Ok, I did have a moment to skim through this and it all looks pretty reasonable. I'll take a deeper look later. Either there's some simple fix, or we have some optimizations to do.

[Stefan Karpinski]

In fact, you seem to have written some rather nice idiomatic Julia here.

[SirVer]

On Wednesday, August 15, 2012 1:16:16 AM UTC+2, Stefan Karpinski wrote:

In fact, you seem to have written some rather nice idiomatic Julia here.

That is really nice from you to say :) I was in-fact unsure how many type annotations I should give and I opted for more to make things easier on the compiler. I also ran in trouble when trying a d = {}; d[<node value>] = <float value>... This somehow didn't work. So I just typed a lot.

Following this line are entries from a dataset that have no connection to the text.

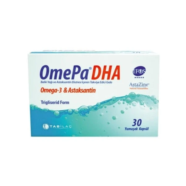 Таб Илач Омепа DHA Пищевая добавка – 30 капсул является пищевой добавкой, разработанной для поддержки общего здоровья благодаря богатому составу рыбьего жира и экстракта астаксантина. Этот продукт предназначен для взрослых в возрасте от 11 лет и старше, обеспечивая необходимые питательные вещества, которые способствуют различным функциям организма. Включение омега-3 жирных кислот, особенно DHA и EPA, критически важно для поддержания здоровья сердца и поддержки когнитивной функции.
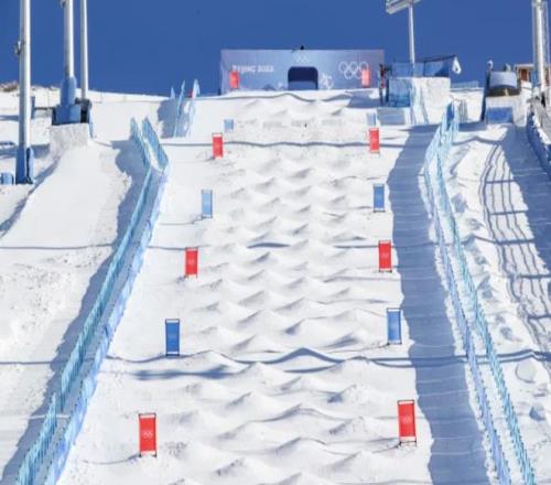 賽道長度被嚴格規定不能少於250米(普通國際賽事範圍通常在235米±35米),平均坡度要維持在28°±4°,斜麵上均勻分布著密集的雪包, 雪包之間的中心距離通常設定在3.5米至4米之間,這個距離是根據頂尖選手的滑行速度(男選手約11-12米/秒,女選手約10米/秒)計算出來的。除了連貫的雪包,賽道還嵌入了兩個關鍵的空中動作跳台。第一個跳台位於賽道總長約15%處,第二個則設在離終點約20%處。|奧運會官網
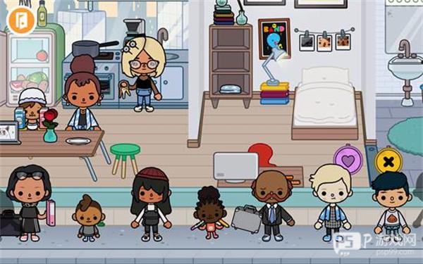 5、又或者点击左上角的退出房间按钮,去到自己的家中,可以看到也有很多小朋友,点击任何人物或者物品都可以移动。

Another choice was if Node should be a new type or not. I opted for it.

 

I was a little disappointed in the limited Profiling available. I couldn't even tell *where* Julia was slower than python - something gives me the feeling it is in the Set implementation.

[Kevin Squire]

I was a little disappointed in the limited Profiling available. I couldn't even tell *where* Julia was slower than python - something gives me the feeling it is in the Set implementation.

While the profiling isn't as nice as python's, you can use "@profile begin ... end" around code that you want to profile, and then (at the julia prompt), get results with "@profile report".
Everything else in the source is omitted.